Enlarge image
Jair Lapid (a few days ago in Jerusalem): "History will never forgive him."
Photo:
MAYA ALLERUZZO / AFP
Israeli Prime Minister Jair Lapid has in no uncertain terms rejected Palestinian President Mahmoud Abbas' allegations of the Holocaust against Israel.
"That Mahmoud Abbas accuses Israel of committing '50 holocausts' while standing on German soil is not only a moral disgrace but a blatant lie," Lapid wrote on Twitter Tuesday evening.
He also referred to the six million Jews who were murdered in the Holocaust.
History will never forgive Abbas, Lapid wrote.
He is himself the son of a Holocaust survivor.
At a press conference with Chancellor Olaf Scholz in Berlin, Abbas accused Israel of a "Holocaust" against the Palestinians.
"Israel has committed 50 massacres in 50 Palestinian locations from 1947 to the present day," he said, adding, "50 massacres, 50 holocausts."
Abbas had previously been asked by a journalist whether he would apologize to Israel on the 50th anniversary of the assassination of the Israeli Olympic team by Palestinian terrorists in Munich.
The President of the Palestinian Authority said that there were dead people killed by the Israeli army every day.
“If we want to continue digging into the past, yes please.” Abbas did not respond to the Olympic attack in which eleven Israelis were killed.
The federal government's anti-Semitism commissioner, Felix Klein, also criticized the Palestinian president.

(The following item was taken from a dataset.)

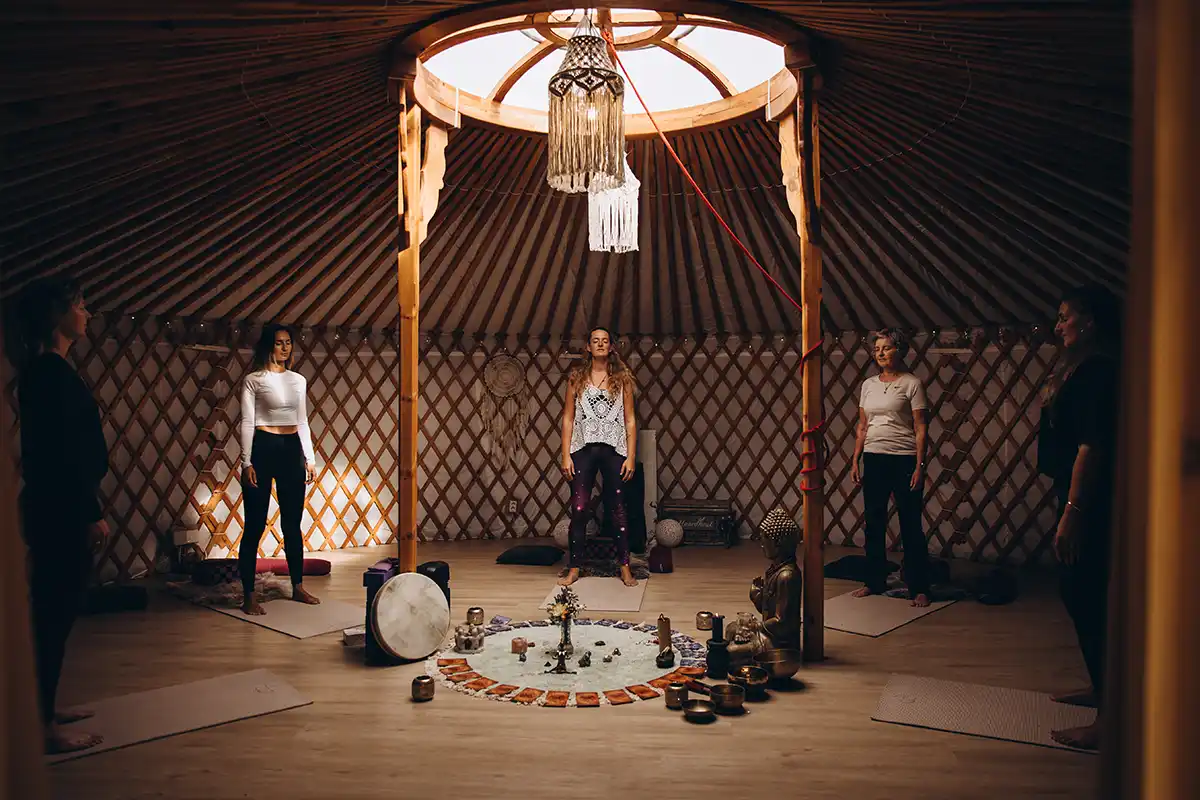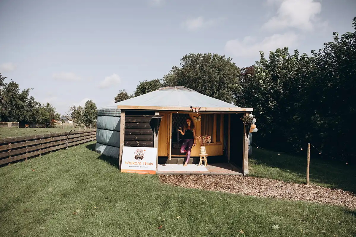 Kom bij mij in de Yurt om te Verdiepen, Verbinden met jezelf en anderen, Vertragen, plezier te maken, een goed en fijn leven LEIDEN.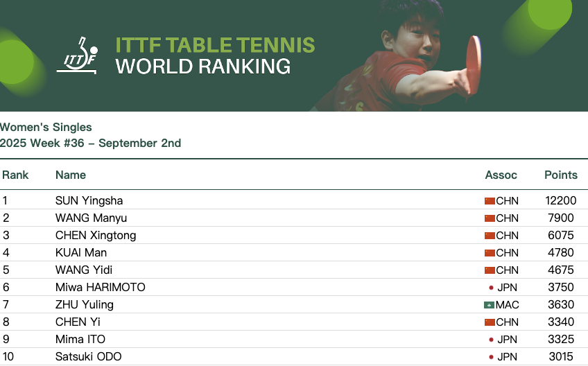 BOB半岛体育-国际乒联2025年第36周排名公布,孙颖莎保持断层第一

"By relativizing the Holocaust, President Abbas has lacked any sensitivity towards us German hosts," he told the editorial network Germany (RND).

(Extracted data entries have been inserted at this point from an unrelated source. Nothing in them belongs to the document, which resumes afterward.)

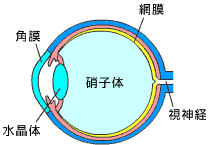 水晶体はカメラのレンズのような役割を果たしています。水晶体の形をうまく調整できないと、ピンぼけした写真のようにものがぼやけて見えます。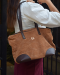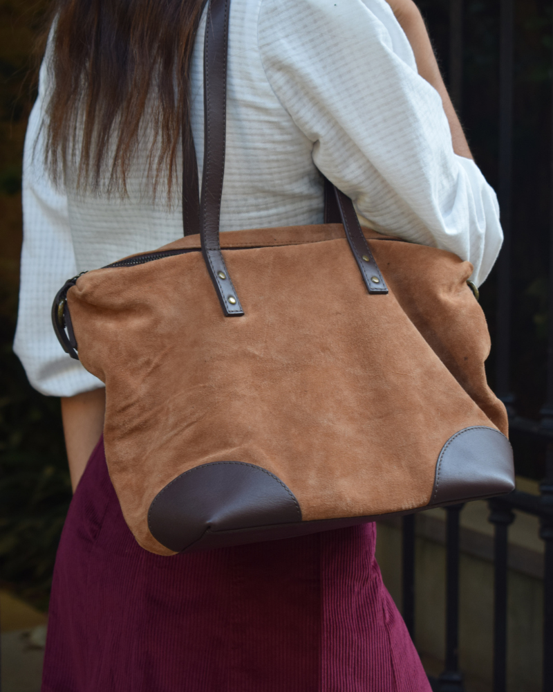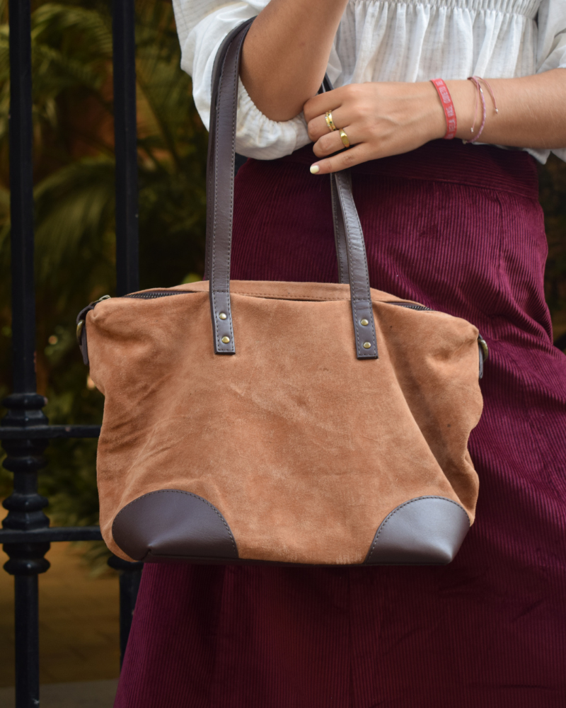 Confeccionado en ante de origen vacuno en color camel con base esquinera confeccionada en piel marrón y asas largas a juego. Un básico atemporal que nunca pasará de moda.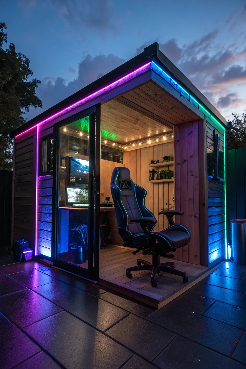 Add some colorful LED lights to make your shed pop with personality. The right lighting can turn any space into a vibrant gaming zone.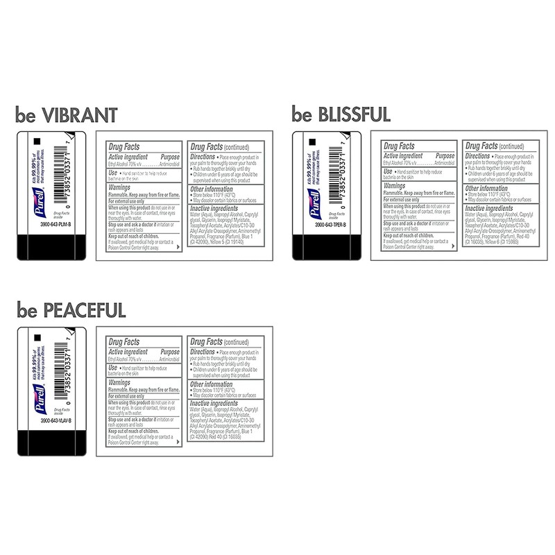 You dont want to think about it, but its true C illness-causing germs are everywhere C at home, at work, and when youre out and about. We know that life moves fast, and that washing your hands with soap and water is not always an option. Using PURELL hand sanitizer throughout the day conveniently helps eliminate germs. PURELL hand sanitizer is the No. 1 brand most used and trusted by hospitals and is proven to kill 99. 99 percent of most common germs that can cause illness, without damaging skin. Since PURELL Advanced Hand Sanitizer Refreshing Gel outperforms other sanitizers ounce-for-ounce, you get more germ-fighting power with every bottle. PURELL hand sanitizer is formulated to be gentle on skin with four conditioners and is clinically proven to maintain skin health. It is free of harsh preservatives, and does not contain dye, triclosan, parabens, or phthalates. Place this travel-sized 1 fl oz bottle in your purse, gym bag, or diaper bag. Reach for the PURELL bottle when you need to kill germs, refresh, or clean-up in a hurry. PURELL hand sanitizer is free of triclosan and will not create supergerms, as the alcohol formulation kills germs and evaporates quickly, so germs dont become resistant. Box includes: 12C 1 fl oz PURELL Advanced Hand Sanitizer Refreshing Gel Bottles. Please note: Due to high demand, varieties may vary. Case packs may include other varieties of PURELL Advanced Hand Sanitizer other than Mood Essentials due to production. GOJO Industries, a purpose-driven Family Enterprise, invented the PURELL brand 30 years ago.

»That also applies to the question asked about the attack on the Olympics, which was carried out by PLO terrorists.«
»The worst derailment that was ever heard in the Chancellery«
Scholz followed the statements with a petrified expression, visibly annoyed and also made preparations to reply.
His spokesman Steffen Hebestreit declared the press conference over immediately after Abbas' reply.
The question to the Palestinian President had previously been announced as the last.
Hebestreit later reported that Scholz was outraged by Abbas' statement.
The Chancellor said to the "Bild" newspaper on Tuesday evening: "Especially for us Germans, any relativization of the Holocaust is unbearable and unacceptable."
CDU leader Friedrich Merz criticized Scholz's handling of the incident on Twitter as "incomprehensible".
The chancellor should have "clearly contradicted the Palestinian president and asked him to leave the house," he wrote.
The CDU politician Armin Laschet also commented on the incident on Twitter.
He called Abbas' performance "the worst gaffe that was ever heard in the Chancellery."